Basque Country Comes to Alberta Street
King · Portland · Spanish · Visit Website ↗
Reviewed June 17, 2026
Wingman Metrics
The wine list at Urdaneta reads like a passport stamp collection from the Iberian Peninsula — Basque txakoli, Galician albariño, Jerez sherry, and Ribera del Duero all show up in a compact, focused lineup. It's not trying to be everything to everyone, which is exactly right for a tapas spot this size. You get the sense someone actually thought about what goes with food here.
The list stays tight at roughly 40–70 labels, but those labels are doing real work. The Basque and Galician whites anchor the program — txakoli and albariño are natural fits for a seafood-forward tapas menu and Urdaneta leans into that hard. Rioja and Ribera del Duero cover the red side without overcomplicating things, and the inclusion of Manzanilla Sherry from Hidalgo La Gitana signals that someone in this kitchen actually drinks wine. Cava from Penedès rounds out the bubbles department and makes a strong case for not ordering cocktails. The gaps — no real French or Italian crossover, limited skin-contact options — are fine given the concept.
Eight to twelve pours by the glass puts Urdaneta in solid territory for a neighborhood tapas spot. Prices run $11–$18 a glass, which is honest for Portland's current market. The rotation doesn't appear to change much, but when your anchors are txakoli and Manzanilla, you don't need to chase novelty.
Manzanilla Sherry, Hidalgo La Gitana — $11
Manzanilla at this price point is almost always the smartest order at a Spanish spot. La Gitana is a benchmark producer — briny, bone-dry, and criminally underpriced relative to what it delivers alongside salty tapas.
Txakoli (Basque Country)
Most diners still don't know what txakoli is, which means more for the rest of us. The low-alcohol, high-acid, slightly effervescent Basque white is made for exactly this kind of eating — it cuts through everything, never gets heavy, and makes a 10-tapa spread feel totally manageable.
Cava (Penedès)
Cava is fine, but at a restaurant this locked into Basque identity, ordering generic sparkling wine feels like a missed opportunity. The txakoli is right there. Use it.

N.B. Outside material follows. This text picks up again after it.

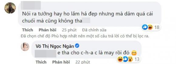 Dưới bình luận, nhiều người chỉ trích Ngân 98: "Tưởng vậy là hay, lớn đầu mà nói chuyện như đứa con nít". Ngay sau đó, Ngân 98 đáp trả: "Em kiếm tiền bằng người ta và cách sống em đẹp bằng ai không đã hãng lên đánh giá. Đừng sống tiêu cực đi khà khịa người khác không tốt cho mình".

Albariño, Rías Baixas + Octopus tapas
Albariño and octopus is one of the great no-brainer combinations in Spanish cuisine — the wine's citrus-driven acidity and slight salinity mirror the ocean in the dish without overpowering the char. It's the kind of pairing that makes you feel like you made a smart decision.
🎲 The Bottom Line
Urdaneta isn't trying to run a wine bar — it's trying to run a great Spanish tapas spot, and the wine list earns its keep by staying honest to that mission. If you care about drinking something that actually makes sense with your food, this list delivers.